3.2. Study Characteristics

Pain was evaluated with more than one PRO in 35 trials [18–21, 23–42, 45–55], and disability was evaluated in 15 trials [18, 19, 21, 22, 25, 26, 29, 31, 38, 40, 43, 44, 46, 53, 54]. More than one intervention group was compared in 14 trials measuring pain [19, 24, 25, 27–29, 34–36, 41, 42, 48–50, 55] and in 4 trials measuring disability [22, 25, 29, 40]. Different specific questions were asked when VAS scores were used for measuring pain. The VAS scores were classified as pain during activity (e.g., stepping, daily activities, etc.), pain during walking, pain at rest, pain at night, and general knee pain. WOMAC was used both in a VAS version using a 100 mm scale and in a Likert version using a 1–5 scale, and these were treated as different outcomes in the initial analysis. Pain during activity and pain during walking were measured by either a VAS score or a numeric rating scale (NRS) score, and these PROs were analysed separately. Then eighteen different PROs were used for measuring pain and seven PROs for measuring disability in the included trials.

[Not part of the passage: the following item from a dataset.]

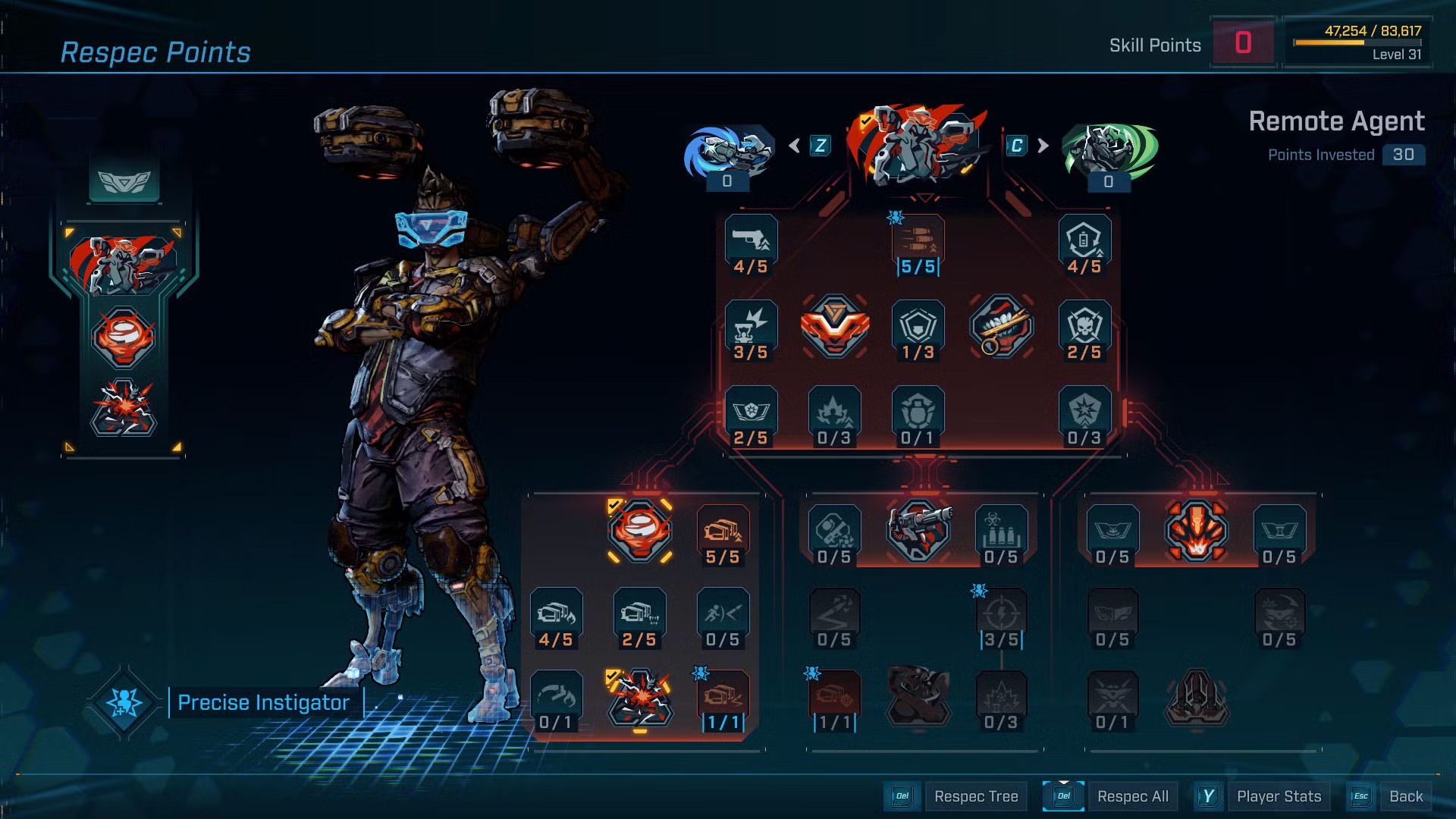 Использование машины респека требует оплаты, размер которой зависит от уровня персонажа. После входа в меню переназначения очков игрок получает доступ ко всем Боевым навыкам (Action Skills) и деревьям способностей персонажа.

3.3. Risk of Bias within Studies

Only 12 out of the 38 included trials were registered in ClinicalTrial.gov. Six of these trials were classified as “adequate” and six as “inadequate”. Two trials reported PROs not declared in the protocol, one did not report all PROs from the published protocol, one did not report all time points, and two protocols did not report PROs at all in the published protocol (Table 1).

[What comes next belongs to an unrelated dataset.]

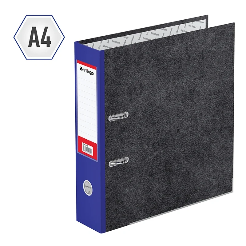 Папка-регистратор Berlingo серии Hyper формата А4 идеальна для создания архива. Папка размером 320*290*80 мм изготовлена из жёсткого износостойкого картона с односторонним покрытием из специальной ламинированной бумаги «под мрамор» и синим корешком. Папка эффективно экономит офисное пространство. Ширина корешка составляет 80 мм. Конструкция разработана с учётом всех особенностей эксплуатации. Выгодно отличается надёжным арочным механизмом из качественного металла, наличием кармана на корешке со сменным информационным ярлыком для маркировки, полем для записей на внутренней стороне обложки, отверстием для удобного снятия папки с полки. Для повышения износостойкости нижние грани укреплены металлическим кантом.

3.4. Results of Individual Studies

The most frequently used PROs for measuring pain were the WOMACpain” subscale (in either the Likert scale or VAS format) used in 27 of the included trials and for disability the most frequently used PRO was the WOMAC “function” subscale (in either the Likert scale or VAS format) used in all 15 trials (Table 2).
Table 2

Frequency of the used outcomes listed according to their frequency in the included trials.

Pain outcome (scale)Number of trials k  =  35 (%)Number of substudies k  =  54 (%)Mean rank in responsiveness (range)
WOMAC pain (Likert scale)15 (43%)20 (37%)1.8 (1–4)
Global knee pain (VAS)13 (37%)17 (31%)1.7 (1–4)
WOMAC pain (100 mm scale)12 (34%)21 (39%)1.9 (1–4)
Pain during activity (VAS)12 (34%)18 (33%)1.4 (1–5)
Pain during walking (VAS)7 (20%)12 (22%)1.5 (1–3)
Pain at rest (VAS)7 (20%)12 (22%)2.3 (1–4)
SF-36 (bodily pain (BP) subscale)6 (17%)8 (15%)2.3 (1–4)
Pain at night (VAS)2 (6%)4 (7%)3.0 (3)
HAQ (pain subscale)1 (3%)4 (7%)1.5 (1-2)
Lequesne algofunctional index (pain subscale)1 (3%)2 (4%)1.5 (1-2)
Pain during activity (NRS)1 (3%)2 (4%)2.5 (1–4)
Pain during walking (NRS)1 (3%)2 (4%)2.5 (2-3)
Number of painful days (days)1 (3%)2 (4%)1.0 (1)
AIMS (pain subscale)1 (3%)2 (4%)1.5 (1-2)
Knee-Specific Pain Scale (KSPS)1 (3%)2 (4%)2.5 (2-3)
McGill Pain Questionnaire (pain intensity)1 (3%)1 (2%)2.0 (2)
ASES (pain subscale)1 (3%)1 (2%)2.0 (2)
SES (Schmerzempfindungsskala)1 (3%)1 (2%)2.0 (2)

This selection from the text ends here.